Из того же письма: "В мастерской Максимилиана Александровича (Волошина.-- В. П.) по утрам дочитал ему -- с глазу на глаз -- "Клуб убийц букв" и прочел "Швы". С радостью выслушал и похвалу и осуждение; вижу: мне еще много надо поработать над отточкой образа,-- и если жизни мне осталось мало, то воли -- много"... По свидетельству М. Волошиной, в утренние часы мастерская была для всех, даже для нее, недоступной -- время работы поэта. Биографы Волошина, прочитав этот фрагмент, сошлись во мнении, что сам факт подобных чтений больше говорит о серьезности отношения Волошина к прозе Кржижановского, чем "и похвала и осуждение"...
В 1939 году, когда Кржижановского принимали в Союз писателей, председательствовавший Фадеев не мог скрыть недоумения: большинство присутствовавших не знало, о ком речь, не подозревало о существовании такого прозаика, меньшинство же -- знавшие -- говорило о нем как о писателе европейского масштаба, "который может составить честь и славу советской литературы". А рекомендовали Кржижановского в члены Союза писателей Н. Асеев и Вс. Вишневский, Г. Шенгели и Е. Ланн, П. Антокольский и С. Мстиславский, Е. Лундберг и В. Асмус...
В самом начале сороковых годов усилиями Лундберга удалось включить в план издательства "Советский писатель" небольшой том рассказов пятидесятичетырехлетнего Кржижановского. Через несколько дней после отправки рукописи в типографию началась война...
Кржижановский отказался эвакуироваться: "Писатель должен быть там, где его тема". Записи первых месяцев войны образовали последнюю -- и тоже неизданную -- книгу очерков "Москва в первый год войны". Еще написал он для давнего своего друга композитора С. Василенко либретто оперы "Суворов", поставленной несколькими театрами. И еще -- историческую пьесу "Корабельная слободка", не поставленную никем. В конце 1942 года совершил большую поездку по Сибири -- с лекциями о Шекспире...
Прозы больше -- до самой смерти -- не было. Он надорвался...
После войны по-прежнему скудно зарабатывал на жизнь эпизодическими статьями и переводами -- профессиональными, но не более того, как бы погасшими, утратившими блеск. Сделал последнюю попытку напечатать хоть что-нибудь из рассказов: "Чувствую себя, как андалузский бык на арене: бодайся -- не бодайся, шпага тореро сделает свое дело. Решил все-таки бодаться: толкнулся еще в три редакции..." (Из письма к Бовшек 31 июля 1946 года.)

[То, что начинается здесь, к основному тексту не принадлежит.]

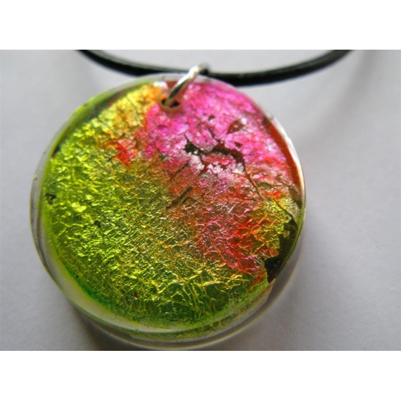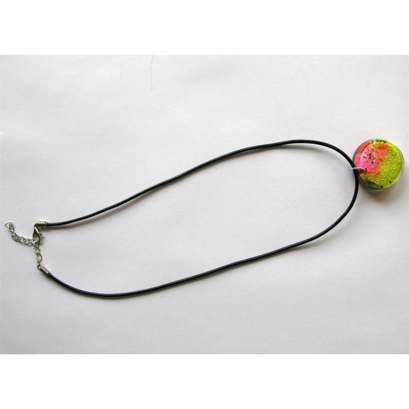 Collier avec pendentif en fimo effet verre rose et jaune de 3 cm de diamètre sur lacet noir

Сызнова пережил -- как в конце тридцатых -- ожидание ареста: рукописи опять прятались по домам его друзей и родственников Бовшек, когда закрыли таировский театр, и все, связанные с ним, жили предчувствием репрессий...

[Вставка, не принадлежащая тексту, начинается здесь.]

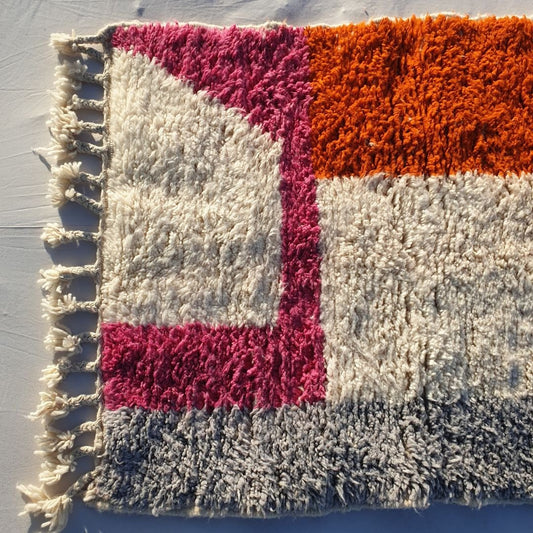 Balhaia | Orange & Beige Moroccan Rug 3x5 Beni Ourain Ultra Soft | 3'67x5'61 Ft | 112x171 cm

В эти последние годы Кржижановский уже не мог обходиться без нарастающих доз алкоголя: днем "трезвое отношение к действительности" выводило из равновесия, ночами начисто лишало сна. Прогрессировала гипертония, приступы ее становились все тяжелее. Бовшек страшилась оставлять его одного в арбатской "квадратуре". В конце 1949 года он поддался на уговоры и перебрался к ней -- в комнату коммуналки по Земледельческому переулку, 3. Соседи ополчились на "незаконного" жильца -- брак Кржижановского с Бовшек не был зарегистрирован. Что ни вечер, вызывали участкового. Тот появлялся, читал нотацию, грозил штрафом. Бовшек наливала милиционеру рюмку водки -- и он уходил, чтобы назавтра прийти опять. В конце концов рассудили, что "дешевле" сходить в загс.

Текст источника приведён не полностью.